** Records supplied **
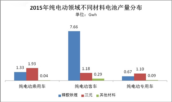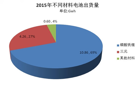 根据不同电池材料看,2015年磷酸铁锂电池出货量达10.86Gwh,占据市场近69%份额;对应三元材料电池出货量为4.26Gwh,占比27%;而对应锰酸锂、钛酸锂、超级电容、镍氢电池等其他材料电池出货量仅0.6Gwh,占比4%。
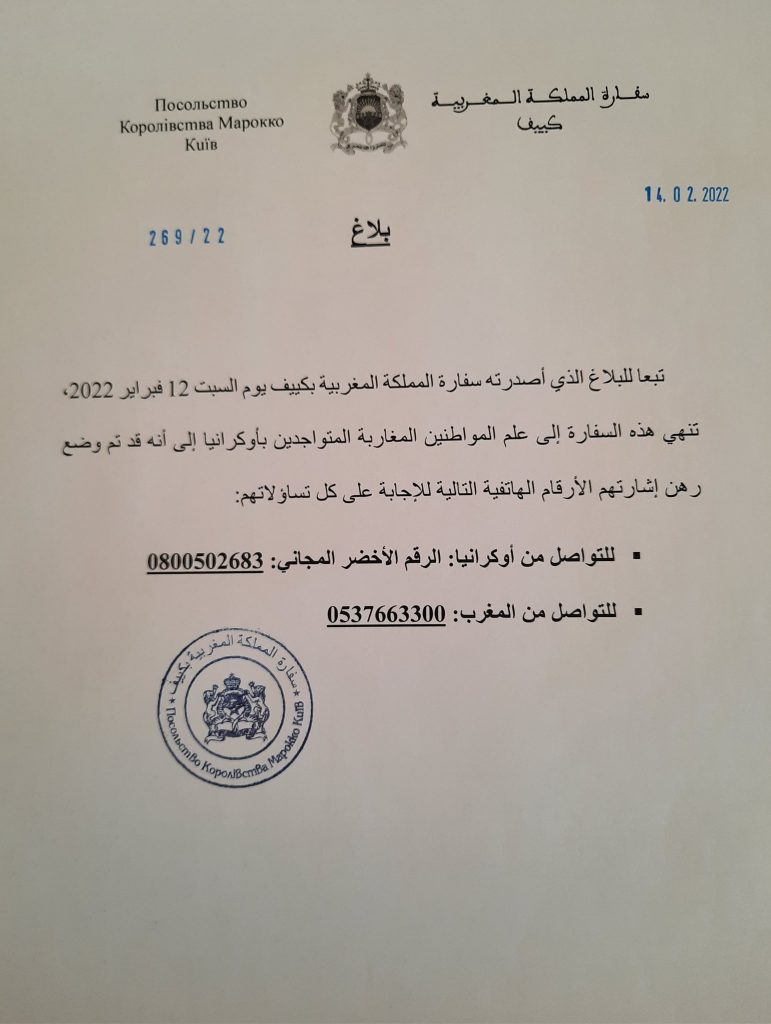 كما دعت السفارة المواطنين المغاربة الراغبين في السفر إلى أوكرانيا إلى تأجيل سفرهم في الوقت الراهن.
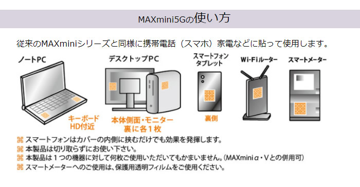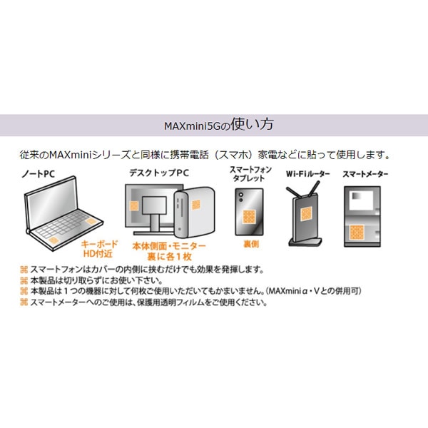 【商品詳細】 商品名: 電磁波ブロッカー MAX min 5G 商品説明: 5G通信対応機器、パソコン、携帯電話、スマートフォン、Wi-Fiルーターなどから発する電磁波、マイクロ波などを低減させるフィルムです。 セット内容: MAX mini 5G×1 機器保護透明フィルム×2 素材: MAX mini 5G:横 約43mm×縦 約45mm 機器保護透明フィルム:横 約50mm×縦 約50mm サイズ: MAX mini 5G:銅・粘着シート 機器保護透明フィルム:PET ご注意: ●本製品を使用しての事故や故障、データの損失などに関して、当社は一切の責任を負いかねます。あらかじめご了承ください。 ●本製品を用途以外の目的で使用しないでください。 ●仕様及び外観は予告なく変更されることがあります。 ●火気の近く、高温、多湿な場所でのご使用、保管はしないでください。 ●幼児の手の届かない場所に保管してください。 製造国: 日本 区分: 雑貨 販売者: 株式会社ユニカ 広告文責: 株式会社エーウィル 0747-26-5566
--
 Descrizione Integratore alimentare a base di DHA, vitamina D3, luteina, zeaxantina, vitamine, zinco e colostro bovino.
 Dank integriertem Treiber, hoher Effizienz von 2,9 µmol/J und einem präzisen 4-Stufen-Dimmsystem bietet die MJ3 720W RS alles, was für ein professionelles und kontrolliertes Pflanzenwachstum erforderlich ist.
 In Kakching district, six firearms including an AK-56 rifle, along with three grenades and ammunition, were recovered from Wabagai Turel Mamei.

** What the exercise asks **
Only one stretch of the records above is wanted: the lines between the one holding "Descrizione Integratore alimentare" and the one holding "In Kakching district, six", inclusive, reproduced exactly.

** Written answer **
 Descrizione Integratore alimentare a base di DHA, vitamina D3, luteina, zeaxantina, vitamine, zinco e colostro bovino.
 Dank integriertem Treiber, hoher Effizienz von 2,9 µmol/J und einem präzisen 4-Stufen-Dimmsystem bietet die MJ3 720W RS alles, was für ein professionelles und kontrolliertes Pflanzenwachstum erforderlich ist.
 In Kakching district, six firearms including an AK-56 rifle, along with three grenades and ammunition, were recovered from Wabagai Turel Mamei.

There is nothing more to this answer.